Multi-objective optimization is a powerful mathematical toolbox widely used in engineering disciplines to solve problems with multiple conflicting design objectives [1]. For example, in the field of chemical engineering, multi-objective optimization has been applied to balance design conflicts in the performance, material and energy requirements, and environmental sustainability of many different chemical processes [2]. In industrial biotechnology, with recent advancements in synthetic biology and metabolic engineering, microorganisms can be genetically modified to produce a large space of molecules with broad applications using renewable lignocellulosic biomass or waste products as feedstocks [3,4]. However, the current strain design process is prohibitively laborious and expensive for broad industrial application [5]. To overcome this challenge, recent studies have proposed the application of modular design principles commonly used in engineering [6] to microbial biocatalysis [7,8,9,10]. This modular cell design approach, known as ModCell, uses multi-objective optimization to account for the competing cellular objectives when cellular metabolism is (re)designed in a modular fashion to produce a diverse class of target chemicals. ModCell has been experimentally demonstrated for biosynthesis of alcohols [7,11,12] and esters [13,14,15,16,17] in Escherichia coli.

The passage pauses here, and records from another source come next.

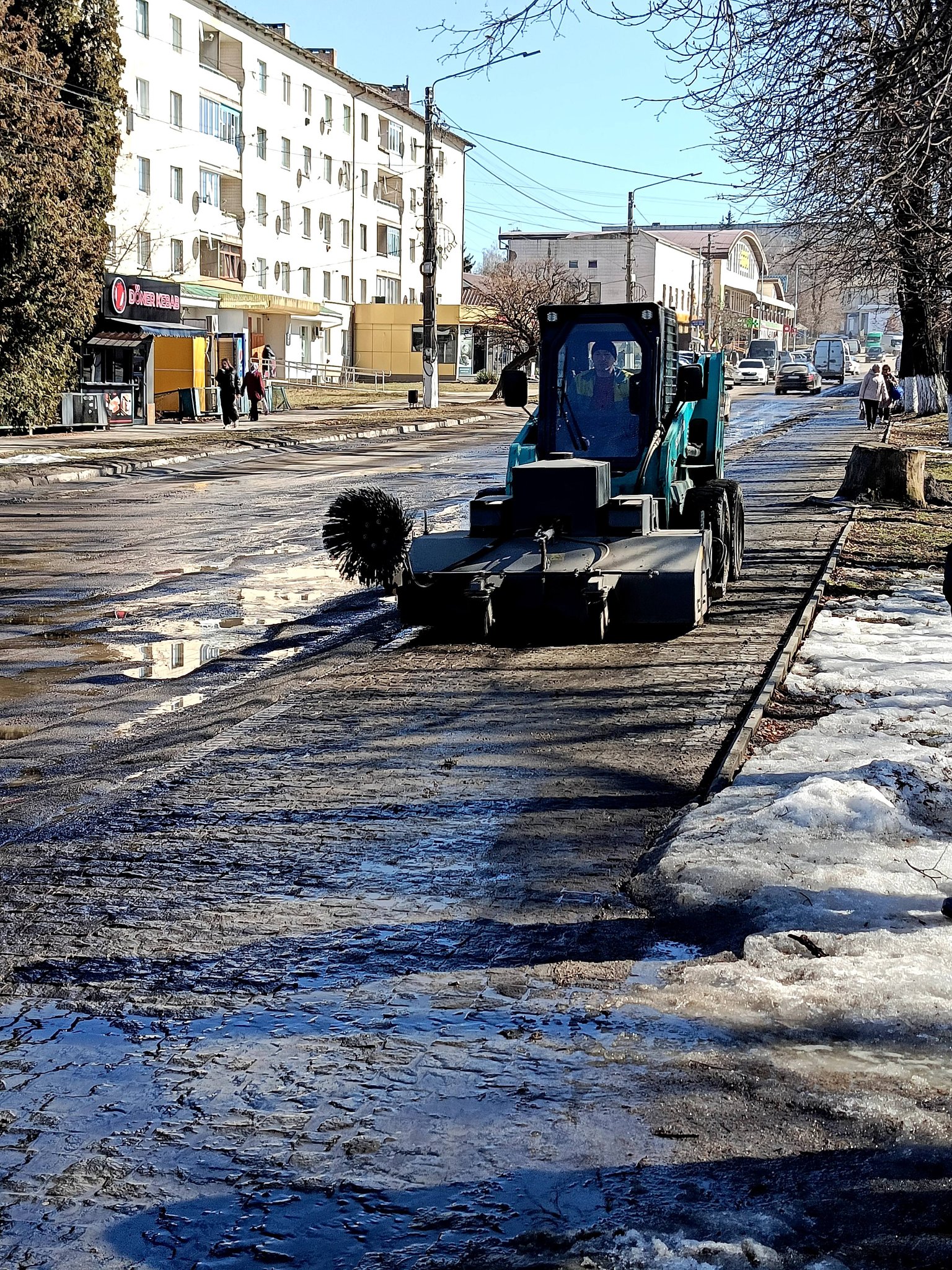 Також значну увагу приділено прибиранню та вивезенню змету з доріг. Працівники підприємства проводили очищення вулиць Володимирська та Цвіткова. Додатково, з використанням спеціальної техніки, було здійснено підмітання тротуарів у центральній частині міста. Це сприяє покращенню загального вигляду міста та санітарного стану.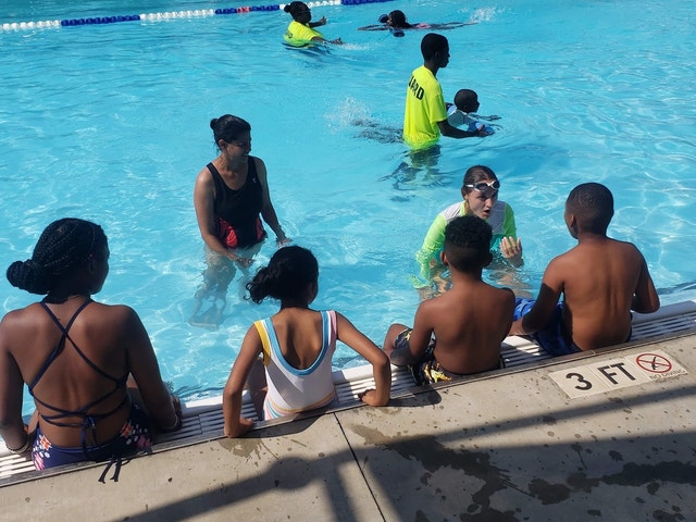 Family-friendly park space featuring courts for basketball and soccer, plus a playground and a pool.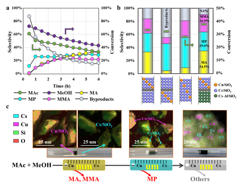 论文设计与构建了一种含铜和铯的双催化活性位体系,能够将甲醇和乙酸甲酯/乙醇高效转化为具有高附加值的酯类和醛类化合物。研究结果(见图2)表明,当铜和铯以毫米级尺度采用双床层结构(即Cu/SiO2||Cs/SiO2)进行装填时,有效促进了甲醇的脱氢反应,并与乙酸甲酯进行羟醛缩合(包括质子转移、羟醛形成、羟醛缩合等步骤),从而获得不饱和酯和醛,其选择性分别达到76.3%和31.1%;当铜和铯以微米级尺度混合(Cu/SiO2-Cs/SiO2)时,能够显著促进催化剂界面上反应中间体的传质和加氢作用,从而得到选择性为67.6%和93.1%的饱和酯和醛;当铜和铯以纳米级尺度混合(Cu-Cs/SiO2)时,主要产物转变为甲酸甲酯、环氧丙烷等副产品。通过进一步调整活性组分的空间距离和床层分布(Cu/SiO2-Cs/SiO2||Cs/SiO2),成功实现了甲基丙烯酸甲酯(MMA)的高效四重串联催化合成。与传统的多反应器串联操作相比,这一变革性工艺路线大幅提升了原子利用率,预计能够降低生产成本超过15%,为甲醇下游产业链的发展开辟了新的途径。

Despite the broad applicability of multi-objective optimization problems (MOPs) in engineering design, powerful solution algorithms remain elusive. Two approaches can be used to solve MOPs, including multi-objective evolutionary algorithms (MOEAs) and mixed integer linear programming (MILP) algorithms. Unlike MOEA, MILP can ensure that the identified MOP solutions are optimal. Nonetheless, MOEAs are widely used due to the following advantages over MILP: (i) computational scalability for large-scale networks by implementing efficient parallelization algorithms [18], (ii) compatibility with non-linear objectives and constraints, and (iii) unbiased sampling of Pareto optimal solutions without a need to pre-specify objective preference [19]. MOEAs are based on a more general type of optimization method known as evolutionary algorithms, where candidate solutions, that represent individuals of a population, are iteratively modified using heuristic rules to increase their fitness (i.e., objective function values). Recently, much attention has been placed in the development of MOEAs to solve many-objective problems (e.g., problems with 4 or more objectives) that often correspond to real-world applications, but can be very challenging to solve with conventional MOEAs [20]. For the case of ModCell problem, the popular MOEA NSGAII [21,22] was used to design a modular cell under 20 different production modules [8]. Due to a large space of molecules that can potentially be synthesized by modular cells, scalability issues are expected to occur when constructing modular cells that are designed to be compatible with tenths or hundreds of products. Furthermore, using the best solver algorithm(s) allows to explore a more diverse design space, resulting in better choices for experimental implementation.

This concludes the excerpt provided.